In this prospective double-blinded trial, 75 ASA I - II patients aged 18 to 75 years scheduled for an elective hysterectomy in a tertiary referral teaching hospital in Tehran from February to December 2019 were recruited. Informed written consent was obtained from all participants. Those who didn't meet inclusion criteria were excluded. Exclusion criteria were, having uncontrolled diabetes mellitus, neurologic disorders, psychologic disorder(s) which needs treatment, inflammatory and renal diseases, neuropsychiatric disorders, drug abuse, routine use or taking non-steroidal anti-inflammatory drugs (NSAIDs), opioids, or other analgesics 48 hours prior to surgery, allergy or contraindication to anesthetic agents or pain medications, including NSAIDs, acetaminophen and opioids, and history of any type of chronic pain which needed medical or interventional treatments. Patients who develop any surgical or anesthetic complication, those who needed reoperation or needed more than 2-unit transfusion of packed red blood cells, or received ketamine, antipsychotic, or gabapentinoids were considered to be excluded latter.
Patients were randomized via a computer-based method and divided into three groups each with 25 subjects, as follows: Remifentanil-Naloxone (patients receiving remifentanil 0.3 µg/kg/min and low dose naloxone 0.25 µg/kg/h in 50 mL normal saline, Remifentanil (patients receiving remifentanil 0.3 µg/kg/min), and control (patients receiving an infusion of 50 mL normal saline). All medications and placebo were administered from anesthesia induction to skin closure. The rates of injecting drugs and placebo were similar in all groups. An anesthesiologist anesthetized patients according to a written instruction; however, both patients and investigators were blinded to the intervention group and randomization process. All medications were prepared by an anesthesia nurse who was not engaged in the study.
After administering pre-medication (midazolam 0.05 mg/kg, fentanyl 2 µg/kg, and lidocaine 1 mg/kg, based on Ideal Body Weight for overweight patients) under standard monitoring, including electrocardiography (ECG), oxygen saturation (SpO2), end-tidal CO2 (ETCO2), noninvasive blood pressure monitoring (NIBP), respiratory rate (RR), and heart rate (HR), anesthesia was induced by propofol 2 mg/kg and atracurium 0.5 mg/kg. After tracheal intubation, 1.5 MAC isoflurane and muscle relaxants were used for maintaining anesthesia, if necessary. Fentanyl dose was repeated each hour to adjust the hemodynamic parameters based on anesthesia judgment.
In the remifentanil group, on the occurrence of bradycardia (HR < 50) and blood pressure drop more than 20% of baseline, interventions were provided, including administration of atropine or ephedrine and a bolus injection of crystalloids. If interventions were not efficient, the remifentanil dose was reduced. The appropriate dose of opioids was continuously adjusting based on the hemodynamic parameters during the surgery (HR and BP were increased to higher than 20% of baseline). In the post-surgery period, morphine sulfate PCA (patient-controlled analgesia) was used at 1 mg/mL; Bolus: 1 mL; lock-out interval: 7 min; basal infusion: 0 mL/h., for 24 hours after surgery to control the patient’s pain and precisely assess morphine dose consumption. All patients received IV paracetamol 1 g Q6H and IV ketorolac 30 mg Q8H.

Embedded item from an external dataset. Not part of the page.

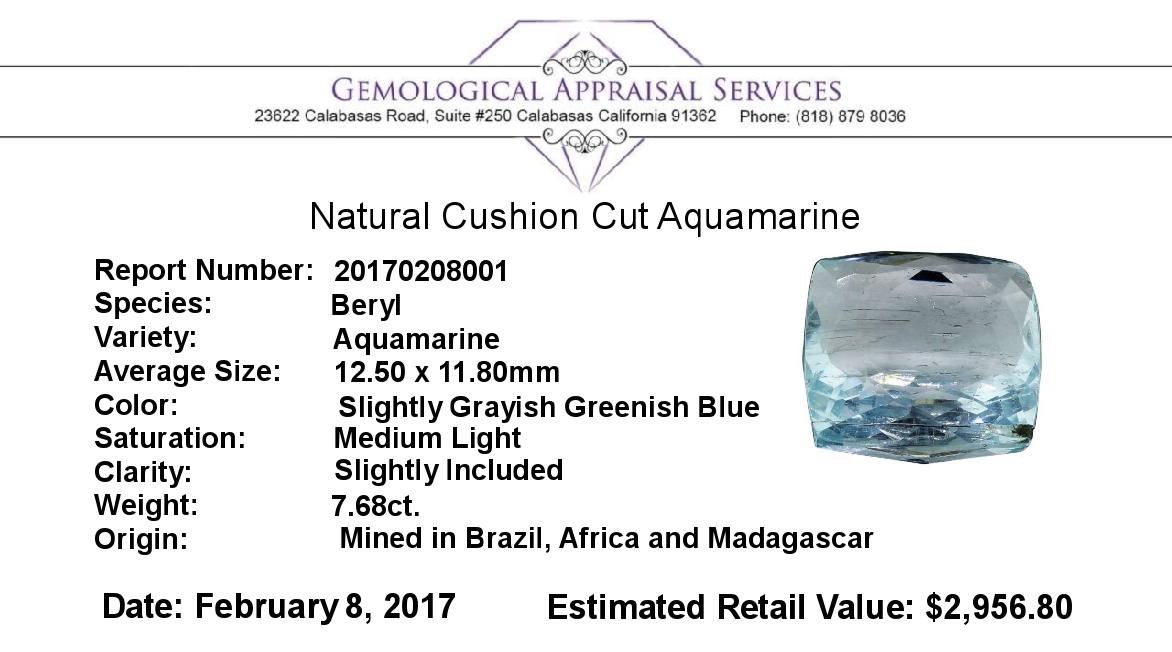 One natural cushion cut aquamarine with an exact weight of 7.68ct., clarity is slightly included, slightly grayish greenish blue, medium light. Gemological Appraisals Services estimates the retail value at $2956.8 GAS Appraised.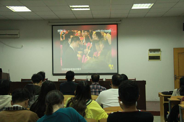 10月21日20:00,由中共中央组织部、中央广播电视总台联合录制的反映优秀共产党员和先进基层党组织典型事迹的专题节目《榜样4》,在中央电视台综合频道(CCTV-1)首播。新传学院组织师生党员集中在学院楼四楼会议室观看学习。

Demographic parameters and baseline characteristics (age and surgery duration) of all participants were recorded. Total fentanyl dose used, morphine dose used in post-anesthesia care unit (PACU), morphine dose used within 24 hours after surgery, the first time-point of opioid administration after surgery and pain severity after surgery during movement, and rest according to visual analogous scale (VAS) in 0.5, 2, 6, 12, and 24 hours after surgery were documented. In PACU, shivering, the need for opioids, nausea, and vomiting (0.5, 2, 6, 12, and 24 hours after surgery) were recorded. Heart rate and blood pressure were analyzed before induction, after intubation, 30 minutes post-induction, and 30 minutes post-extubation.
The need for increasing remifentanil dose, based on hemodynamic parameters, was also documented. The severity of hyperalgesia and allodynia was assessed by static tactile tests. In this test, a soft brush that is only a sensory stimulus is contacted to the edge around the patient's wound, and in the case of allodynia, the patient drastically moves the body away from this stimulus. The severity of pain was reported using the VAS. Patients were asked to grade the highest experienced pain from one to 10 in 0.5, 2, 6, 12, and 24 hours after the surgery. A pilot study was performed on five patients from all three groups, and the results were used for calculating the sample size, by considering α = 0.5 and β = 0.2. Statistical analyses were performed using SPSS v.21.0 (IBM Corp., Armonk, NY, USA). The results are described using frequencies and mean scores. ANOVA test and Bonferroni’s post hoc test were used for comparing the groups.